### MATERIAL FOR THIS EXERCISE:
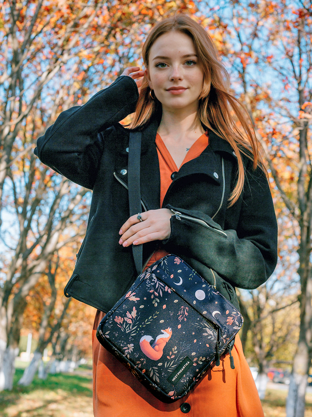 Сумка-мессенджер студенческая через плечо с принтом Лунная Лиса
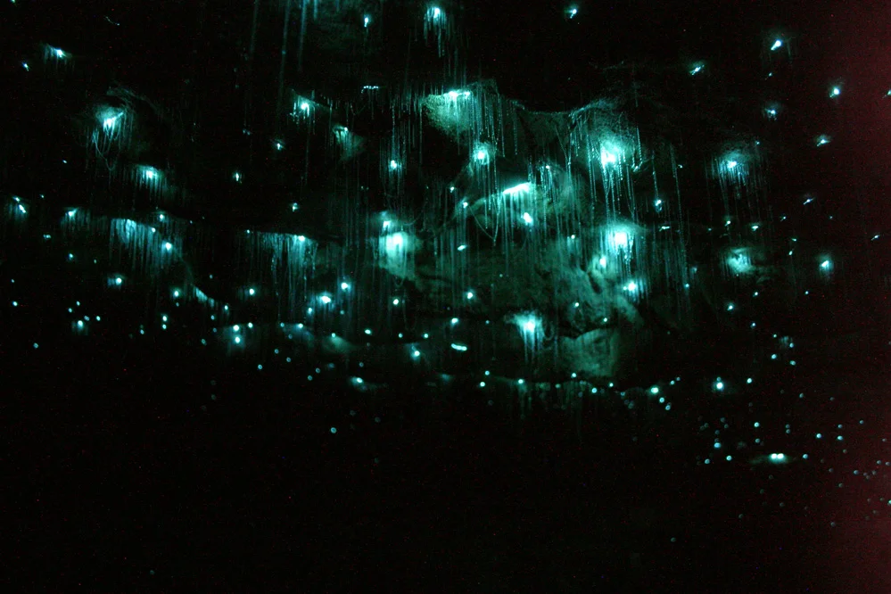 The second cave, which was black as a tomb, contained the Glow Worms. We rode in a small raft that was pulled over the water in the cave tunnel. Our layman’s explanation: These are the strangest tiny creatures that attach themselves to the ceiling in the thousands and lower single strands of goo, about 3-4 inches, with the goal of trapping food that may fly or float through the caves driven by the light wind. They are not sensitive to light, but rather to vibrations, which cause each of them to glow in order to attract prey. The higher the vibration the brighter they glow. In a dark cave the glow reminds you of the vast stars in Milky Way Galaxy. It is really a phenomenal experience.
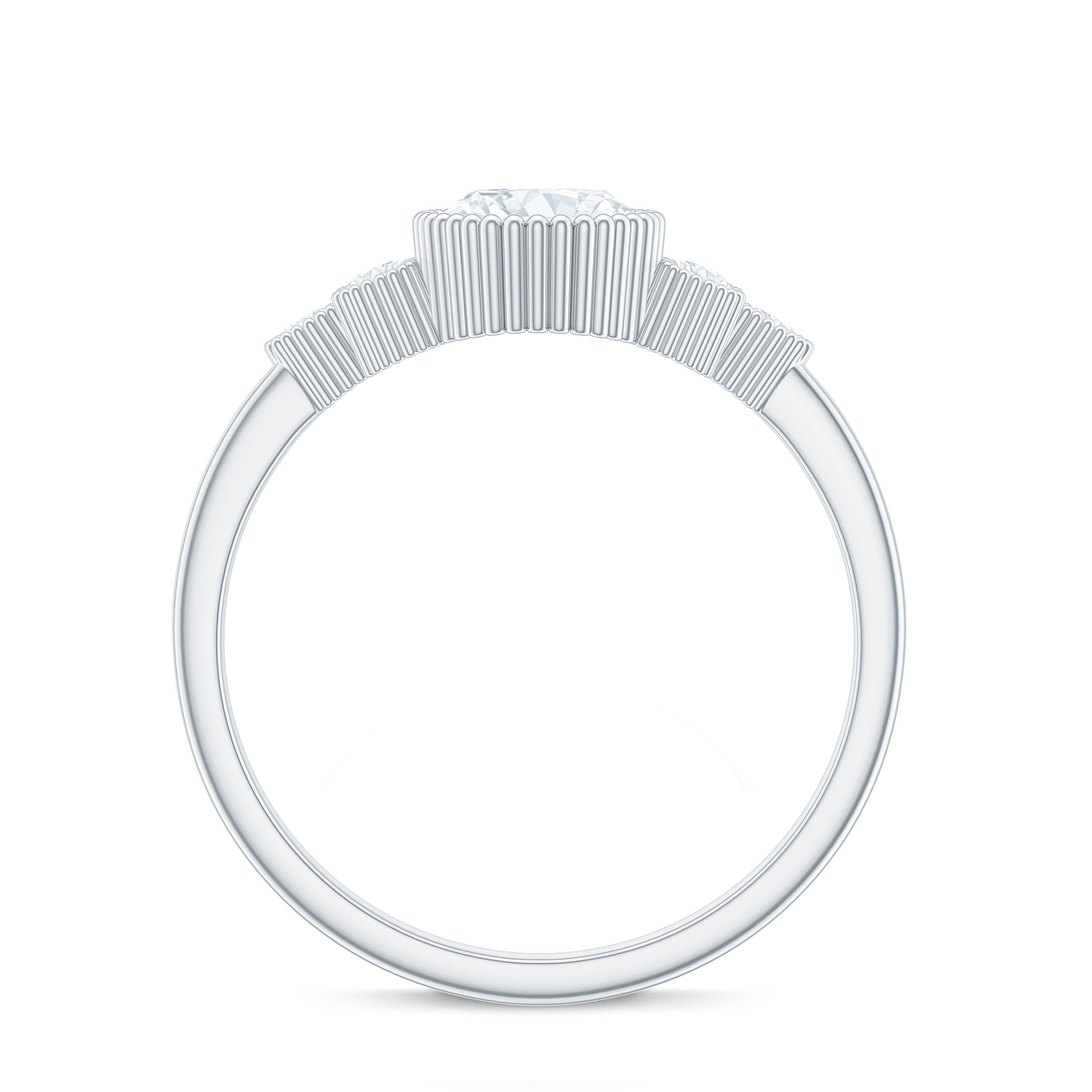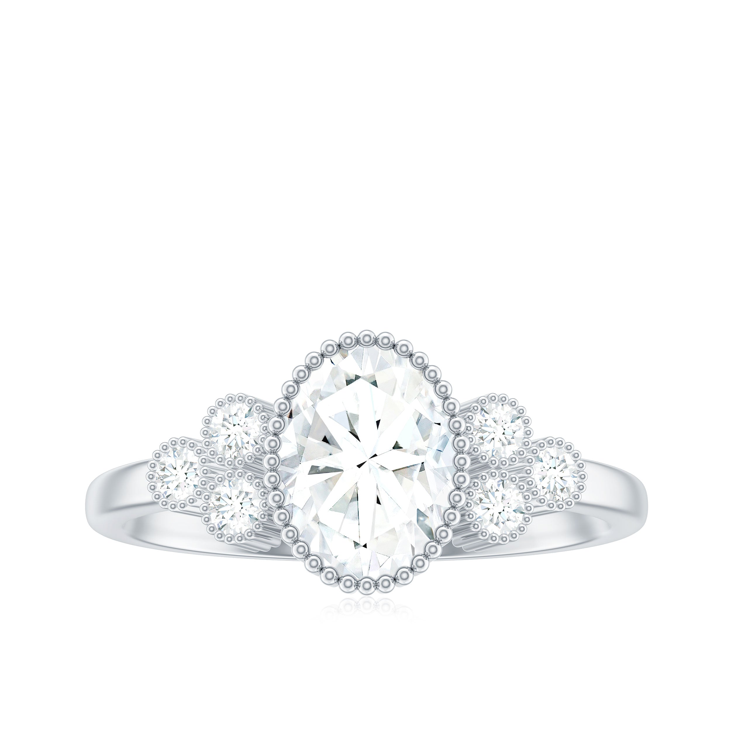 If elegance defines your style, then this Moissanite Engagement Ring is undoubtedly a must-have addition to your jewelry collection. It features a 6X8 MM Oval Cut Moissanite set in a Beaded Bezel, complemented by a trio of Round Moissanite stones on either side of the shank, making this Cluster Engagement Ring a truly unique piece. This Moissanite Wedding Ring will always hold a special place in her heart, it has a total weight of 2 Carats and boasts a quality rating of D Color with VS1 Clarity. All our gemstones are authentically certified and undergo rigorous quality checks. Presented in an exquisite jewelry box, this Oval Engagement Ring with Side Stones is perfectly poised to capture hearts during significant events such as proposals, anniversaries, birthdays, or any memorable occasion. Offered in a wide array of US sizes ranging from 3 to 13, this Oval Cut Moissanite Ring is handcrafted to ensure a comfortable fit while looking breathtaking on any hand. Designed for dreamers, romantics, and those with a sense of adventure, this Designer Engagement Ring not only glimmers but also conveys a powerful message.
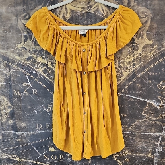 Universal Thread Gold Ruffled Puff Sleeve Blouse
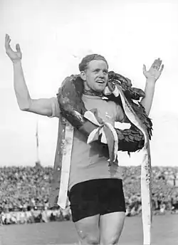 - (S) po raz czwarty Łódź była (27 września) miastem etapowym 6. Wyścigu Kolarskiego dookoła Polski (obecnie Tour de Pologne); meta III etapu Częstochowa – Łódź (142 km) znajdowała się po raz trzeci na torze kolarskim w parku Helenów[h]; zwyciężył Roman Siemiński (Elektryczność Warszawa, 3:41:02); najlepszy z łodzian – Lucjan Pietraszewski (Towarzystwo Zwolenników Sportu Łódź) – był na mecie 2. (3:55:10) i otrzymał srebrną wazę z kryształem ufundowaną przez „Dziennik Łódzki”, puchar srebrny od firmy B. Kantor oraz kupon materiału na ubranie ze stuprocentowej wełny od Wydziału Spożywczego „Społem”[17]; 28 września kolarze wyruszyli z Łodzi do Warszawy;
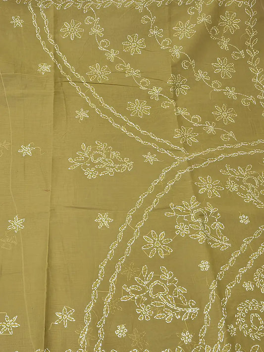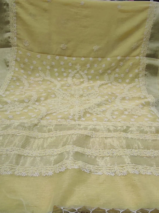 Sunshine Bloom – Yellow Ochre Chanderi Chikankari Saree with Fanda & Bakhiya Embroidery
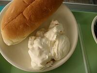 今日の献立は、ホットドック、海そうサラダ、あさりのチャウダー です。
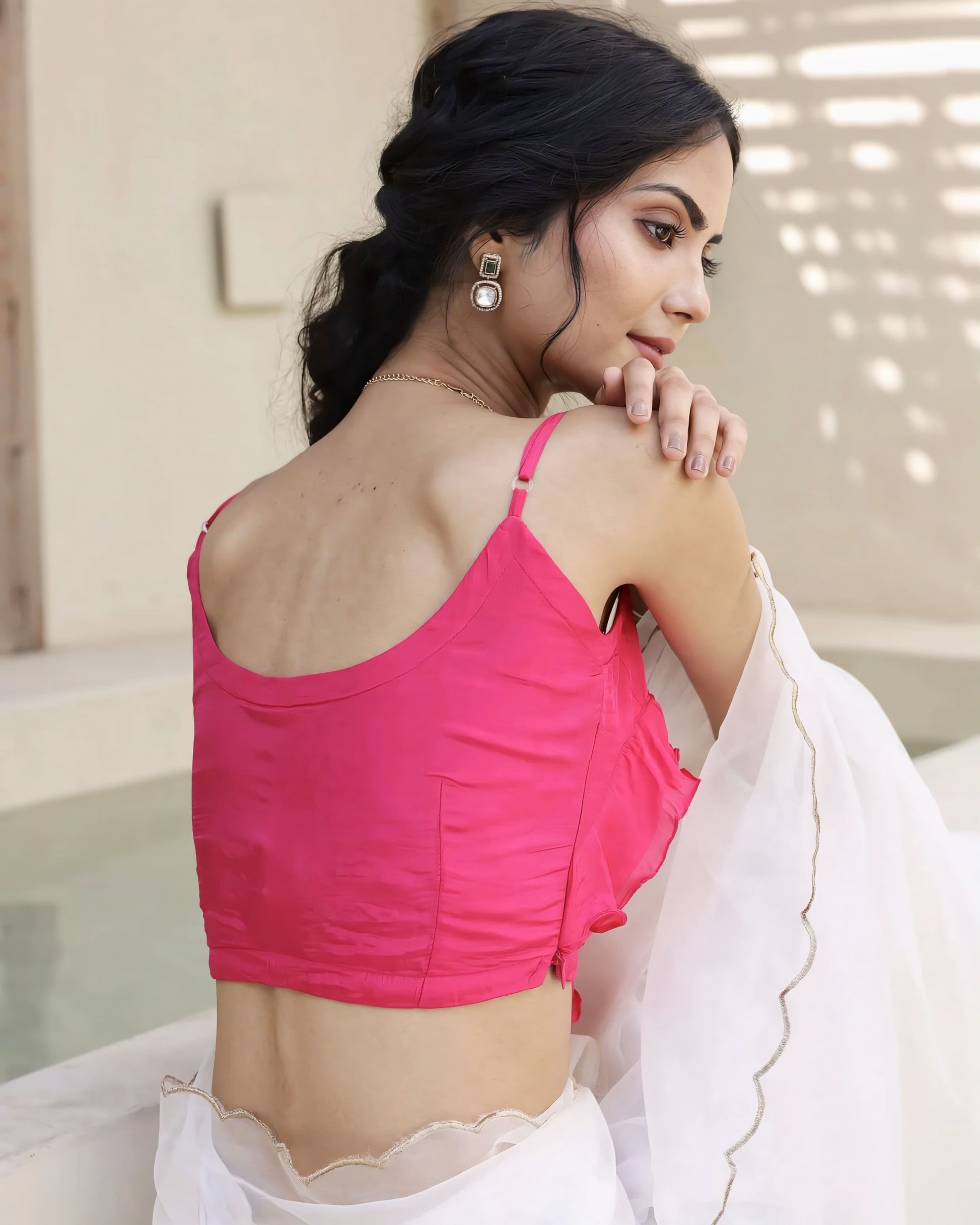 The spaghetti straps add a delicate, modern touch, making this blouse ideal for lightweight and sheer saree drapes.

* * *

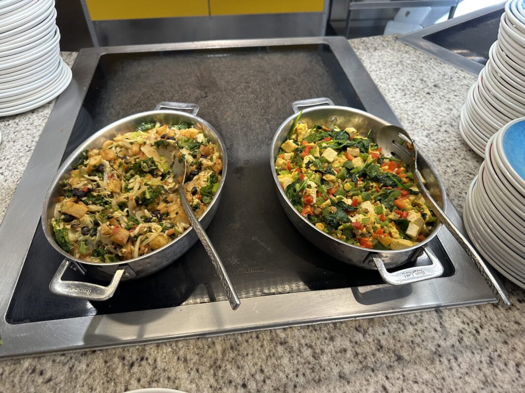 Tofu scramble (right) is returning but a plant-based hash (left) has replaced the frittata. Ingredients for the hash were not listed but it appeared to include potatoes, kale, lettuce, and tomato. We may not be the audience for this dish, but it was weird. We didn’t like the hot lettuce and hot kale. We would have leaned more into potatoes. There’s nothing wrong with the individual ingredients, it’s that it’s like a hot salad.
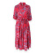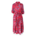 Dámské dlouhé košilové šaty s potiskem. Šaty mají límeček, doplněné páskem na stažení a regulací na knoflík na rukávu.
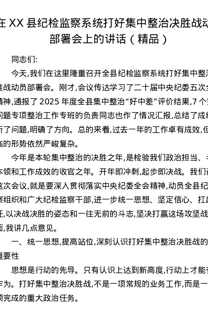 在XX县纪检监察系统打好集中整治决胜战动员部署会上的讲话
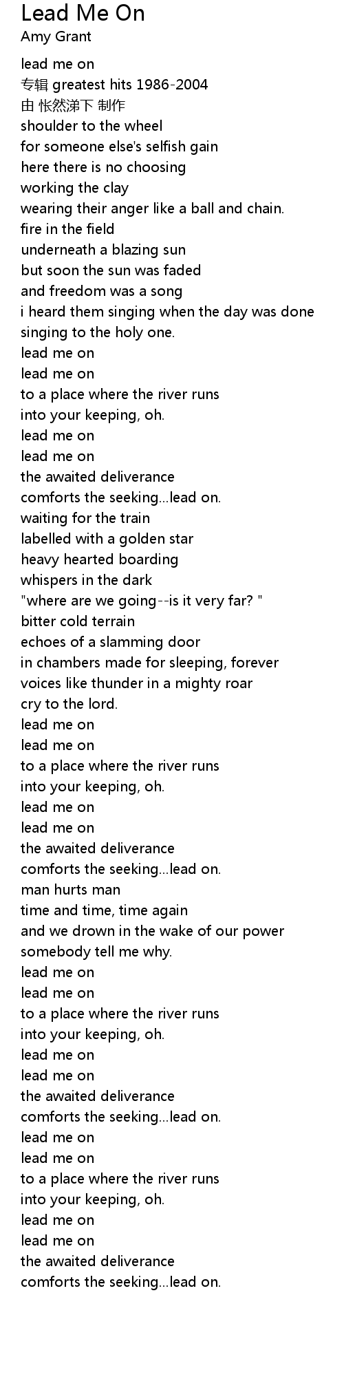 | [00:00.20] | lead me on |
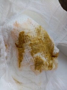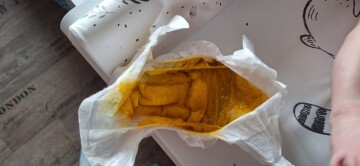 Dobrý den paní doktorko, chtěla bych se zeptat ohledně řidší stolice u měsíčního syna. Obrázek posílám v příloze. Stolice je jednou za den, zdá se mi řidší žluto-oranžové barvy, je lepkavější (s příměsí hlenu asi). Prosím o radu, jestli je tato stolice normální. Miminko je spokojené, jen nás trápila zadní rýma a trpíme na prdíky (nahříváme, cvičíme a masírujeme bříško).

* * *

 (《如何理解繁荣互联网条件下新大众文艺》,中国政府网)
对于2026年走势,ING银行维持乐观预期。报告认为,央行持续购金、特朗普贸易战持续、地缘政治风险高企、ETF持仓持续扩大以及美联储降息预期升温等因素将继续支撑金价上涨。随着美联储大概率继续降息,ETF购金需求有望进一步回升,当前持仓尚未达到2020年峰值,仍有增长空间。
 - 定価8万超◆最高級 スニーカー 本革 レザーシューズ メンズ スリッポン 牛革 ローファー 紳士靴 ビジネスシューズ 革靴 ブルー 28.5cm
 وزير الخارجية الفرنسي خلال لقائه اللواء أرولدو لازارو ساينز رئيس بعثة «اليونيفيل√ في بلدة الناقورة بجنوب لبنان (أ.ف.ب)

### YOUR GOAL:
Using the data above, give again exactly the lines starting at the one holding "Сумка-мессенджер студенческая через" and ending at the one holding "Universal Thread Gold", inclusive, and nothing more. Omit the pictures.

### ANSWER SPACE:
 Сумка-мессенджер студенческая через плечо с принтом Лунная Лиса
 The second cave, which was black as a tomb, contained the Glow Worms. We rode in a small raft that was pulled over the water in the cave tunnel. Our layman’s explanation: These are the strangest tiny creatures that attach themselves to the ceiling in the thousands and lower single strands of goo, about 3-4 inches, with the goal of trapping food that may fly or float through the caves driven by the light wind. They are not sensitive to light, but rather to vibrations, which cause each of them to glow in order to attract prey. The higher the vibration the brighter they glow. In a dark cave the glow reminds you of the vast stars in Milky Way Galaxy. It is really a phenomenal experience.
 If elegance defines your style, then this Moissanite Engagement Ring is undoubtedly a must-have addition to your jewelry collection. It features a 6X8 MM Oval Cut Moissanite set in a Beaded Bezel, complemented by a trio of Round Moissanite stones on either side of the shank, making this Cluster Engagement Ring a truly unique piece. This Moissanite Wedding Ring will always hold a special place in her heart, it has a total weight of 2 Carats and boasts a quality rating of D Color with VS1 Clarity. All our gemstones are authentically certified and undergo rigorous quality checks. Presented in an exquisite jewelry box, this Oval Engagement Ring with Side Stones is perfectly poised to capture hearts during significant events such as proposals, anniversaries, birthdays, or any memorable occasion. Offered in a wide array of US sizes ranging from 3 to 13, this Oval Cut Moissanite Ring is handcrafted to ensure a comfortable fit while looking breathtaking on any hand. Designed for dreamers, romantics, and those with a sense of adventure, this Designer Engagement Ring not only glimmers but also conveys a powerful message.
 Universal Thread Gold Ruffled Puff Sleeve Blouse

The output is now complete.